= Lubomír Linhart =

Lubomír Linhart (28 June 1906 – 10 June 1980) was a Czech film historian, critic, journalist, diplomat and photography theorist.

== Biography ==
Linhart was born in Prague in the family of an engineer. He began his journalistic career in the second half of the 1920s, focusing on film criticism and on the promotion of Soviet cinema. From 1926 he began to collaborate as a columnist with the communist magazines Reflektor and Tvorba. From 1927 he was a member of the Club for a New Film. From 1924 to 1934, he studied at the Czech Technical University in Prague. In 1927 he became the chief film correspondent of the Večerník Rudého práva, in 1928–1929 he collaborated with the daily Lidové Noviny and the magazine Filmový kurýr, in 1930 he was the film correspondent of the magazine Signál.
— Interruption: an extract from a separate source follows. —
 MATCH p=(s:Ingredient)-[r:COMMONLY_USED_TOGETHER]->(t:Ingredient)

In 1931–1932 he edited the film section of the newspaper Svoboda (Kladno). In the 1930s, Linhart was active in the Communist Party cultural association Left Front as a spokesperson and theorist for the Film-Photo group.
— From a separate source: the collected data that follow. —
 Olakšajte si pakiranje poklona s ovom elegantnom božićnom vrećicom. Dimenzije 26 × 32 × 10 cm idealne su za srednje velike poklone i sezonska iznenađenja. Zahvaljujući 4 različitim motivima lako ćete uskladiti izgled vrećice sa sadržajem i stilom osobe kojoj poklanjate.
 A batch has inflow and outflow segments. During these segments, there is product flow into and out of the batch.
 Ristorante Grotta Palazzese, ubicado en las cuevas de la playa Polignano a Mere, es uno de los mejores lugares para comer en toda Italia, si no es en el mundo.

In 1930, he published his first book, Little Alphabet of Film. In 1931 and 1932, he travelled around the then Soviet Union, where he visited, for example, Ukrainian film studios in Kyiv and, together with Bedřich Václavek, participated in the Second International Conference of Proletarian Writers. In 1934, his book Social Photography was published by the Levá fronta publishing house.
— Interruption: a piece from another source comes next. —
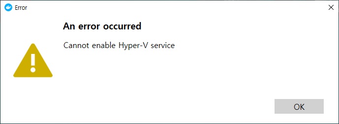 설정 후 Docker 실행 시 "Cannot enable Hyper-V service"가 계속 출력된다면 정상적으로 Hyper-v가 실행 안된 상태입니다.
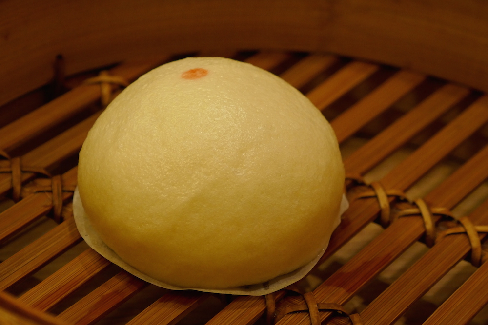 同じく「鼎泰豐」の餡饅。造形がキレイ! 味は……とろりとした漉し餡が甘くて美味しいのだけれど、けっこう日本のコンビニも負けていないな、と思ってしまった(TX1)

After the German occupation of Czechoslovakia, Linhart became involved in the underground resistance. After the liberation of Czechoslovakia, he participated in the nationalization of the film industry and in 1948 he became the first general director of the nationalized Czechoslovak State Film. Later that year he was transferred in diplomatic work, serving as ambassador to Romania from 1948 to 1953 and the German Democratic Republic from 1953 to 1956.

After returning to Czechoslovakia, he was appointed professor at Film and TV School of the Academy of Performing Arts in Prague (FAMU) and the head of the department of film and television science. At the 2nd Congress of the Union of Czechoslovak Theatre and Film Artists, held from 30 March to 1 April 1961, he was elected to the central committee of this union and worked there until 1965. In 1969, he became head of the department of film science and criticism at the Department of Theatre Studies at the Faculty of Arts, Charles University.